_Input data_
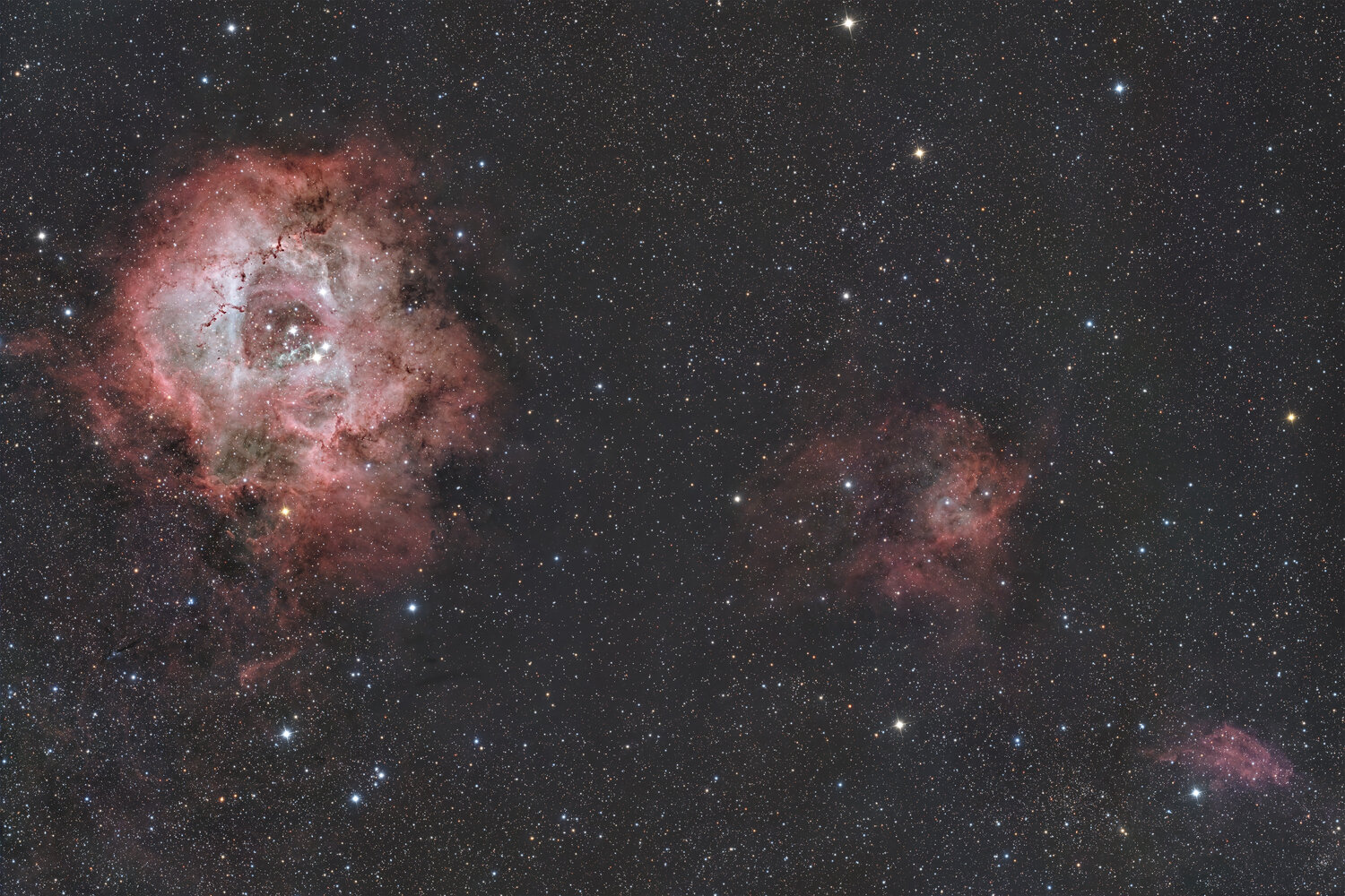 Salut à tous ! Bon, me voici à vous partager un champ pris les 28/02 et 01/03 derniers de NGC 2237 (Rosette) à NGC 2262, en passant par SH2-280 (au milieu) ! A peu près 6h de conservé, pris avec l'Askar SQA55 et l'Altaïr 26C + Filtre Antlia tirband RGB. Suite des prises "d'hiver" à 265mm de focale donc ! Prétraitement Siril/Sirlic Traitement pix habituel rapide (GradientCorrection / SPCC / BlurX / StarX / Star stretch Seti astro / EZStretch Starless / NoiseX ) Ajustement starless sous PL8 par zones Assemblage + StarPikes et export JPG J'ai eu pas mal de difficultés avec le fdc cette fois curieusement, je n'arrive pas à savoir pourquoi, en outre une gradient à droite un peu bleu compliqué (peut être l'éclairage de ma maison car j'avais des amis ce soir là...) Voila voila !1 point
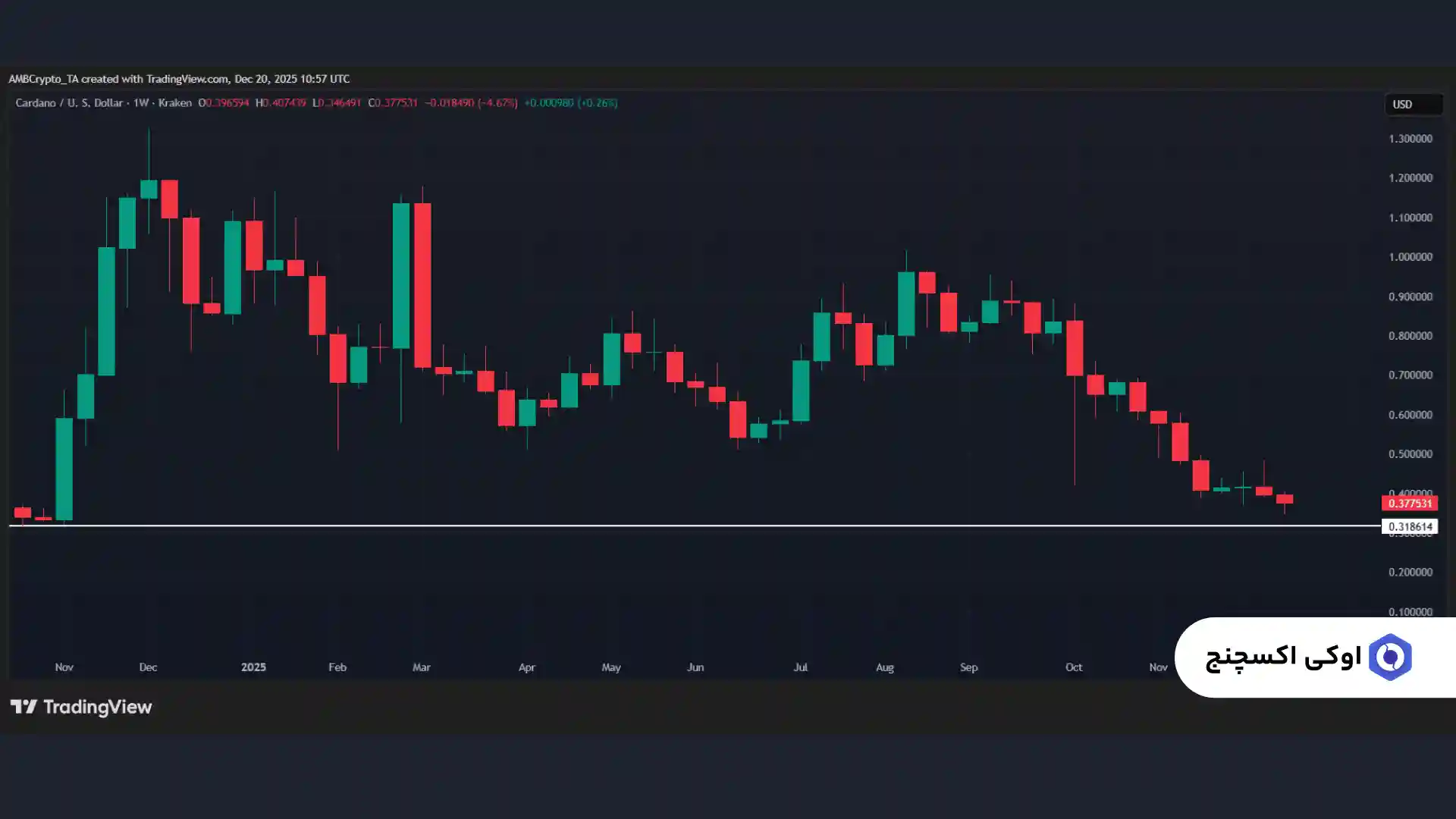 برای مقایسه، حتی دوج کوین (DOGE) هم توانسته افت خود را تا ۵۰ درصد محدود کند. به بیان ساده، عملکرد ADA حتی از یک میم کوین (memecoin) هم ضعیف تر بوده است.
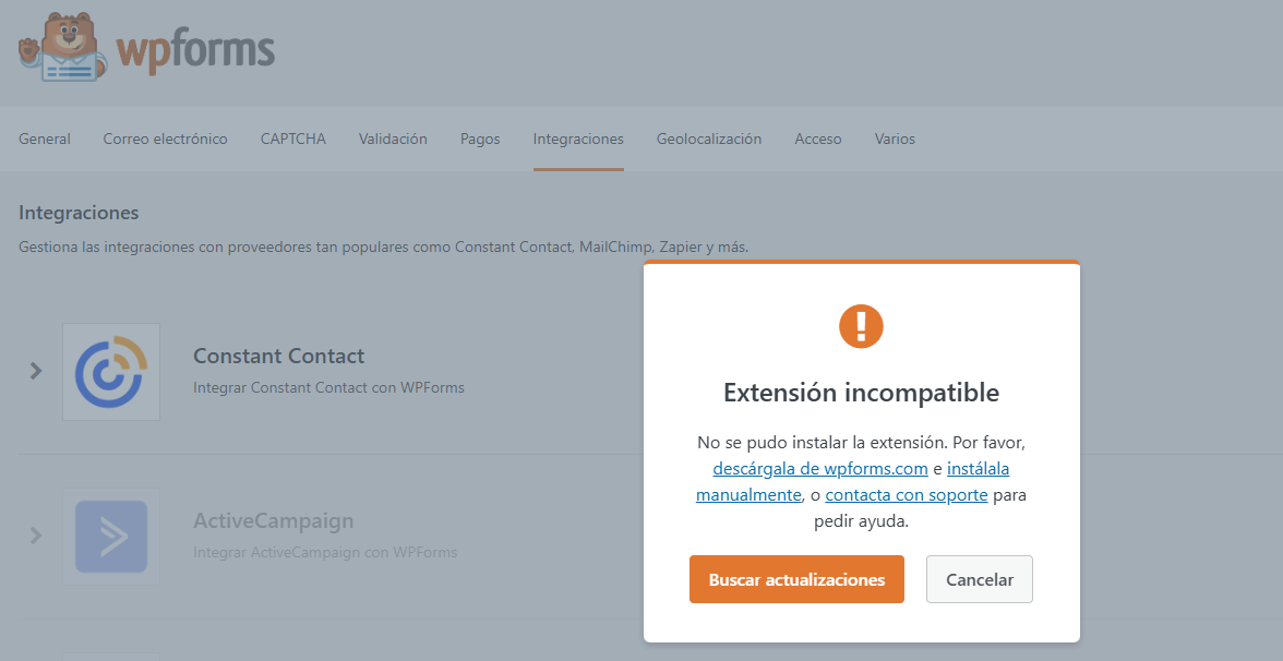 Al descargar al addons wpforms-activecampaign no puedo instalarlo y por ende no puedo integrar wpforms con activecampaign.
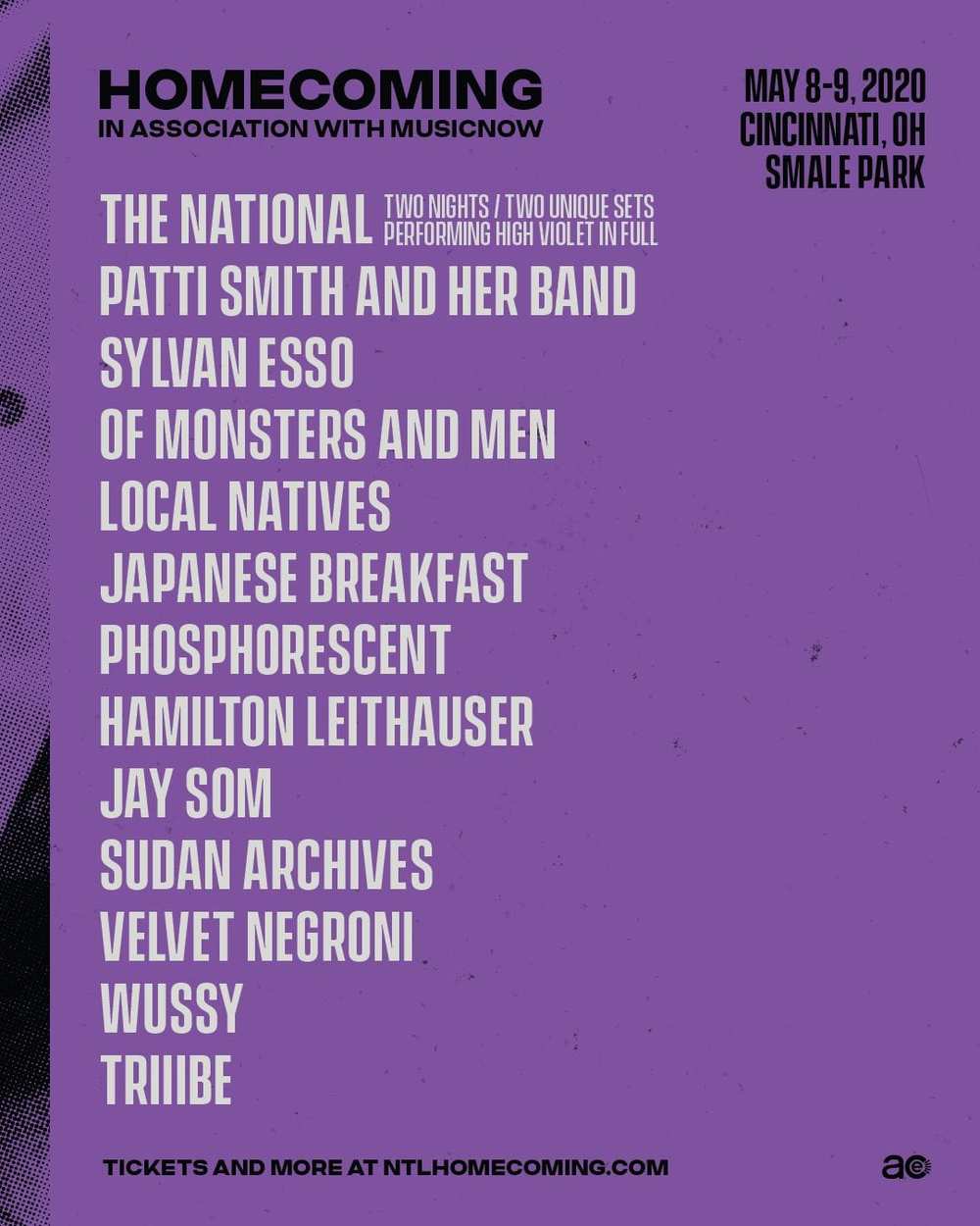 Αρχής γενομένης από το Cincinnati και το δικό τους Homecoming Festival, στις 8 & 9 Μαίου, οι National αναμένεται να παίξουν το πρώτο βράδυ ολόκληρο το "High Violet". Στο ίδιο φεστιβάλ αναμένεται να εμφανιστουν, μεταξύ άλλων, οι Patti Smith, Local Natives, Japanese Breakfast, Of Monsters and Men και άλλοι.

_Exercise directions_
Reproduce the data above line for line, from its first line through the line containing "برای مقایسه، حتی", both ends included, with the pictures omitted and nothing more.

_Answer to this exercise_
 Salut à tous ! Bon, me voici à vous partager un champ pris les 28/02 et 01/03 derniers de NGC 2237 (Rosette) à NGC 2262, en passant par SH2-280 (au milieu) ! A peu près 6h de conservé, pris avec l'Askar SQA55 et l'Altaïr 26C + Filtre Antlia tirband RGB. Suite des prises "d'hiver" à 265mm de focale donc ! Prétraitement Siril/Sirlic Traitement pix habituel rapide (GradientCorrection / SPCC / BlurX / StarX / Star stretch Seti astro / EZStretch Starless / NoiseX ) Ajustement starless sous PL8 par zones Assemblage + StarPikes et export JPG J'ai eu pas mal de difficultés avec le fdc cette fois curieusement, je n'arrive pas à savoir pourquoi, en outre une gradient à droite un peu bleu compliqué (peut être l'éclairage de ma maison car j'avais des amis ce soir là...) Voila voila !1 point
 برای مقایسه، حتی دوج کوین (DOGE) هم توانسته افت خود را تا ۵۰ درصد محدود کند. به بیان ساده، عملکرد ADA حتی از یک میم کوین (memecoin) هم ضعیف تر بوده است.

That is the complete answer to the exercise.